▸ **Your objective**:
Copy, exactly as written, the lines that begin at the one containing "Shark Baskılı Siyah" and end at the one containing "Çâåçäà 1/48 Bf". Skip any pictures in the data below.

▸ **Data**:

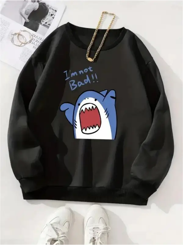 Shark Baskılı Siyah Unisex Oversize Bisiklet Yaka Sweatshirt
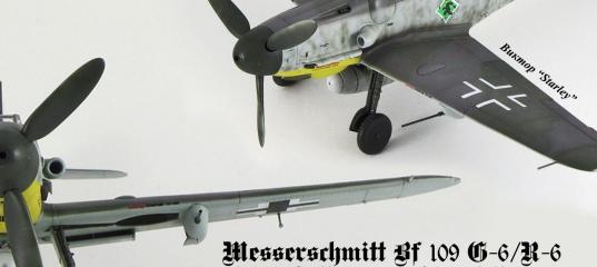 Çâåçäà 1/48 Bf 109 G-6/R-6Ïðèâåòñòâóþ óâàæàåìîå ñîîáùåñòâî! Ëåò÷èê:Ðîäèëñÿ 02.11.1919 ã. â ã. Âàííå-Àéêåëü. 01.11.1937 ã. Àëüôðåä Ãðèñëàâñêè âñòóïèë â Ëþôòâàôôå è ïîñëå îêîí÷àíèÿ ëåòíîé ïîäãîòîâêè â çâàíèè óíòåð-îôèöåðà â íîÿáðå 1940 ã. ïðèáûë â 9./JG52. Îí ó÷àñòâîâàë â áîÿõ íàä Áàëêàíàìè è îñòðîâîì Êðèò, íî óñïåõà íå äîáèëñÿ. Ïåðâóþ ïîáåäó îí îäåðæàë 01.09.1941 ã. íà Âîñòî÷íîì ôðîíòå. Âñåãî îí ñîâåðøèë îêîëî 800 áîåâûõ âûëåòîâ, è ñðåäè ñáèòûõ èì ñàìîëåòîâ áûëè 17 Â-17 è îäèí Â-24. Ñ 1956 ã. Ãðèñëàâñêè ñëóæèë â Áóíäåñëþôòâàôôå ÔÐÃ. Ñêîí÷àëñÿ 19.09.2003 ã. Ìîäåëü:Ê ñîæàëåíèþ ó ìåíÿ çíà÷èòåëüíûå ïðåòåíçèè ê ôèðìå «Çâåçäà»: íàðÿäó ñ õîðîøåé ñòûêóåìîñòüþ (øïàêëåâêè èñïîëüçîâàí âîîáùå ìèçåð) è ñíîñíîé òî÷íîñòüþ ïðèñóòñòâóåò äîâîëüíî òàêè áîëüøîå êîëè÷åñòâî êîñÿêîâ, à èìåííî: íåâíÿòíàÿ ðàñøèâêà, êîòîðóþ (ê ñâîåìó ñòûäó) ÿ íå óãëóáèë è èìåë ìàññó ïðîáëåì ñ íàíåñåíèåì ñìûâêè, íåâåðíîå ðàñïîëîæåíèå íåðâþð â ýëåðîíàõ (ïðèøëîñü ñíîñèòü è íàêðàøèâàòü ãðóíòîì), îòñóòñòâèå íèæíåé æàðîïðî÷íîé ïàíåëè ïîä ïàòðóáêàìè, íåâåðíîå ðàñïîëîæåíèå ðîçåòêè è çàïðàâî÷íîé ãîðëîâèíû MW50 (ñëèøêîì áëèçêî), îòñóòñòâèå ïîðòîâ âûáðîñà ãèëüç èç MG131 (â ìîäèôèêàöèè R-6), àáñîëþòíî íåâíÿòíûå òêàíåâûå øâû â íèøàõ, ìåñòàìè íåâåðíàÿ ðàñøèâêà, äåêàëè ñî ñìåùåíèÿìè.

* * *

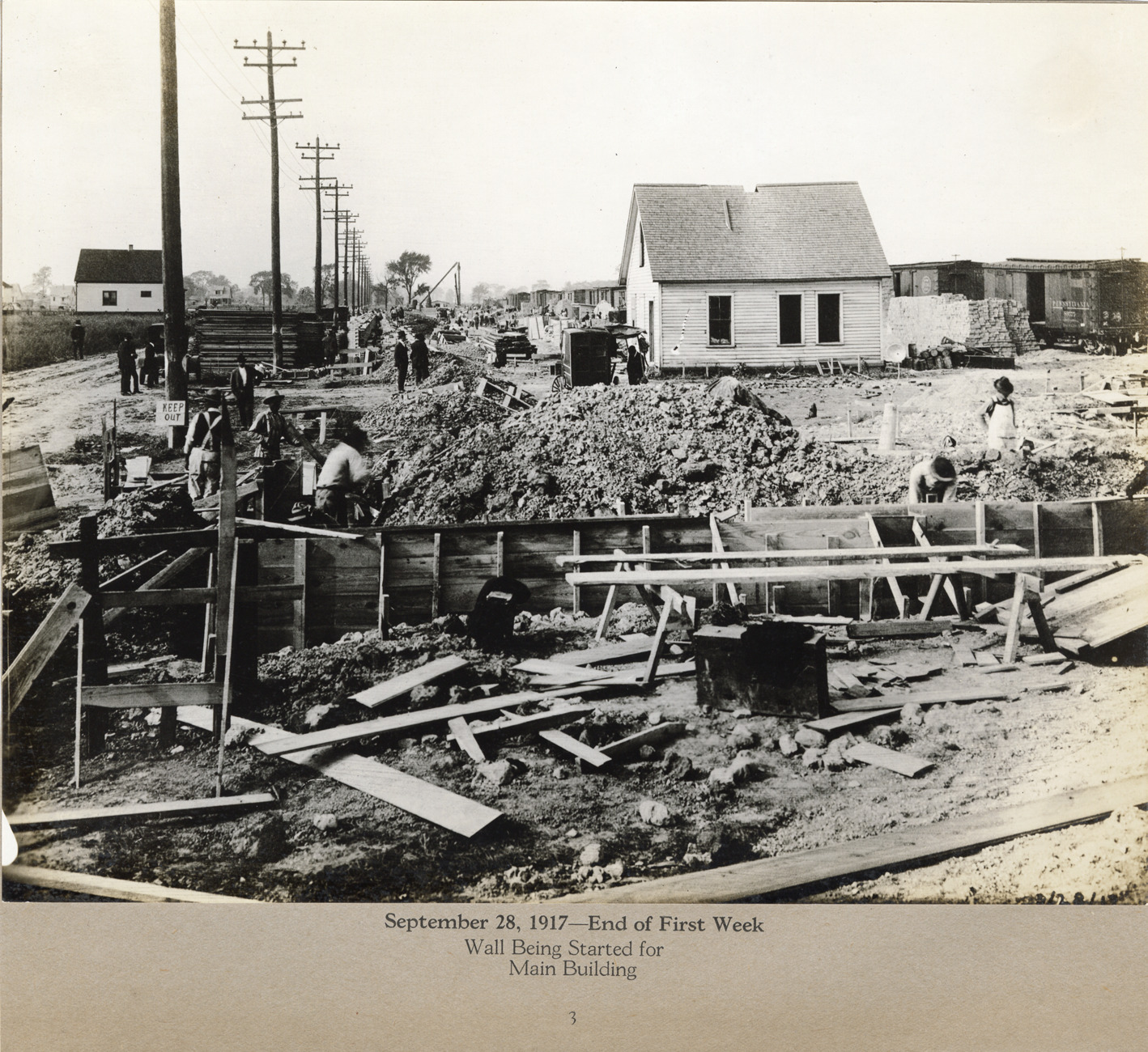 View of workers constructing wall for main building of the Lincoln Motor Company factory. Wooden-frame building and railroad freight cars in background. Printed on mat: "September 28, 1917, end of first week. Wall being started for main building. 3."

---

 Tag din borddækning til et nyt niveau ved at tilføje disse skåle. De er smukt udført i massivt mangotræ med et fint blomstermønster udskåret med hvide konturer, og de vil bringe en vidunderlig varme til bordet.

▸ **Response to this task**:
 Shark Baskılı Siyah Unisex Oversize Bisiklet Yaka Sweatshirt
 Çâåçäà 1/48 Bf 109 G-6/R-6Ïðèâåòñòâóþ óâàæàåìîå ñîîáùåñòâî! Ëåò÷èê:Ðîäèëñÿ 02.11.1919 ã. â ã. Âàííå-Àéêåëü. 01.11.1937 ã. Àëüôðåä Ãðèñëàâñêè âñòóïèë â Ëþôòâàôôå è ïîñëå îêîí÷àíèÿ ëåòíîé ïîäãîòîâêè â çâàíèè óíòåð-îôèöåðà â íîÿáðå 1940 ã. ïðèáûë â 9./JG52. Îí ó÷àñòâîâàë â áîÿõ íàä Áàëêàíàìè è îñòðîâîì Êðèò, íî óñïåõà íå äîáèëñÿ. Ïåðâóþ ïîáåäó îí îäåðæàë 01.09.1941 ã. íà Âîñòî÷íîì ôðîíòå. Âñåãî îí ñîâåðøèë îêîëî 800 áîåâûõ âûëåòîâ, è ñðåäè ñáèòûõ èì ñàìîëåòîâ áûëè 17 Â-17 è îäèí Â-24. Ñ 1956 ã. Ãðèñëàâñêè ñëóæèë â Áóíäåñëþôòâàôôå ÔÐÃ. Ñêîí÷àëñÿ 19.09.2003 ã. Ìîäåëü:Ê ñîæàëåíèþ ó ìåíÿ çíà÷èòåëüíûå ïðåòåíçèè ê ôèðìå «Çâåçäà»: íàðÿäó ñ õîðîøåé ñòûêóåìîñòüþ (øïàêëåâêè èñïîëüçîâàí âîîáùå ìèçåð) è ñíîñíîé òî÷íîñòüþ ïðèñóòñòâóåò äîâîëüíî òàêè áîëüøîå êîëè÷åñòâî êîñÿêîâ, à èìåííî: íåâíÿòíàÿ ðàñøèâêà, êîòîðóþ (ê ñâîåìó ñòûäó) ÿ íå óãëóáèë è èìåë ìàññó ïðîáëåì ñ íàíåñåíèåì ñìûâêè, íåâåðíîå ðàñïîëîæåíèå íåðâþð â ýëåðîíàõ (ïðèøëîñü ñíîñèòü è íàêðàøèâàòü ãðóíòîì), îòñóòñòâèå íèæíåé æàðîïðî÷íîé ïàíåëè ïîä ïàòðóáêàìè, íåâåðíîå ðàñïîëîæåíèå ðîçåòêè è çàïðàâî÷íîé ãîðëîâèíû MW50 (ñëèøêîì áëèçêî), îòñóòñòâèå ïîðòîâ âûáðîñà ãèëüç èç MG131 (â ìîäèôèêàöèè R-6), àáñîëþòíî íåâíÿòíûå òêàíåâûå øâû â íèøàõ, ìåñòàìè íåâåðíàÿ ðàñøèâêà, äåêàëè ñî ñìåùåíèÿìè.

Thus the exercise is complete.